The CTA is discussing the idea of having cars with NO seats within the next months--I so far have heard discussion of this on the Brown line.
I doubt this is a serious proposal:

1) It would make the seatless cars nearly useless in non-rush-hour service. People will be OK with standing if they were going to have to stand anyway (rush hour, 3rd of July, etc.) but will NOT be happy about standing on a random weekday evening or Saturday.

2) CTA floated the (IMHO, sensible) idea of NYC-style longitudinal seating on some cars and it got shot down by the riding public, who seemed to take the position of "not one seat less!". (As if they weren't going to end up standing at rush hour anyway. :rolleyes: ) But if you suggest no seats, people complain vehemently, and you float the longitudinal seating as a compromise, then... ;)

3) It's a concrete means of showing (not just telling -- the ones who count don't seem to care, and the ones who care don't seem to count) the Powers that Be that CTA really needs the capital for new cars, that ridership is making new cars not just a nice-to-have but a must-have.

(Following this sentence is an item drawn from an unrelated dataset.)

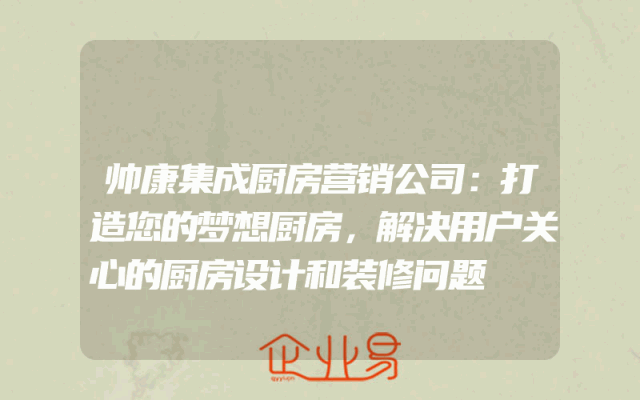 - 帅康集成厨房营销公司:打造您的梦想厨房,解决用户关心的厨房设计和装修问题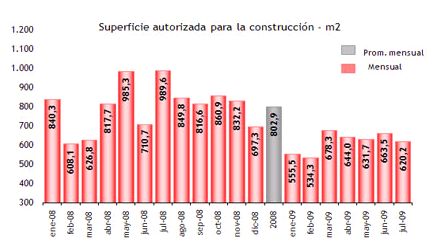 Mientras en algunos sectores de la economía se comienza a observar un tibio repunte de la actividad, como es el caso de los comercios minoristas; el sector de la construcción se encuentra lejos de cambiar la tendencia negativa que muestra a lo largo de todo el 2009. De hecho, el mes de julio presentó la caída interanual más fuerte del último año, retrocediendo un 6,9% (con estacionalidad) respecto de julio de 2008. No obstante, este dato se explica en parte por el fuerte crecimiento del sector en el mes de julio del año pasado. Si se compara la evolución de este sector respecto del mes anterior, se observa un crecimiento del 0,9% (sin estacionalidad), luego de dos meses de retroceso. Sin embargo, a pesar de este resultado positivo no se puede hablar de una tendencia alcista. En lo que va del 2009, el sector de la construcción acumula un retroceso de 2,8% con respecto a los siete primeros meses del 2008. En lo que respecta a los diferentes bloques que componen al sector, excepto las obras viales que crecieron un 7,7%, todos presentaron caídas respecto del mismo mes del año anterior. Entre ellos, se destacan las construcciones petroleras, que retrocedieron un 50,1%. Otro dato relevante es el cambio brusco de las obras de infraestructura, que en junio tuvieron un crecimiento de 10,5% interanual, y en el mes de julio la caída llegó a 8,2%. Este cambio se explica por el fuerte crecimiento de este bloque en los meses previos a las elecciones del 28 de junio. Por su parte, la perspectiva para el sector no es muy alentadora, ya que la superficie cubierta a construir, que figura en los permisos de edificación de una nómina de 42 municipios, presenta una caída de 37% respecto de julio de 2008 con una superficie de 620.230 m2, cayendo por debajo del promedio mensual de los últimos cinco meses.

Actually, let me rephrase my "not serious" assessment above. I think this is exactly like the fare increases and service cuts: something CTA doesn't actually want to do, but is floating in hopes of impressing the need for alternative action, whether the longitudinal seating or capital funding. It's not an idle threat, though: put the alternative off long enough, and they may do it.
 
I used to work for a guy who had all his staff meetings in a room with no chairs or tables. The meetings were always over real quick!
 
1) It would make the seatless cars nearly useless in non-rush-hour service. People will be OK with standing if they were going to have to stand anyway (rush hour, 3rd of July, etc.) but will NOT be happy about standing on a random weekday evening or Saturday.
But aren't there fewer cars run in non-rush-hour service? If only some of the cars are seatless, they could probably be rush hour only cars.
 
Cattle prods to assist in passenger movement are coming next.
Or more humanely possibility- famed pushers from Japan.
There are cars with only fold-down seats along the walls that I have seen in Tokyo. They are essentially seatless during rush hours, but at other times the fold down seats are used.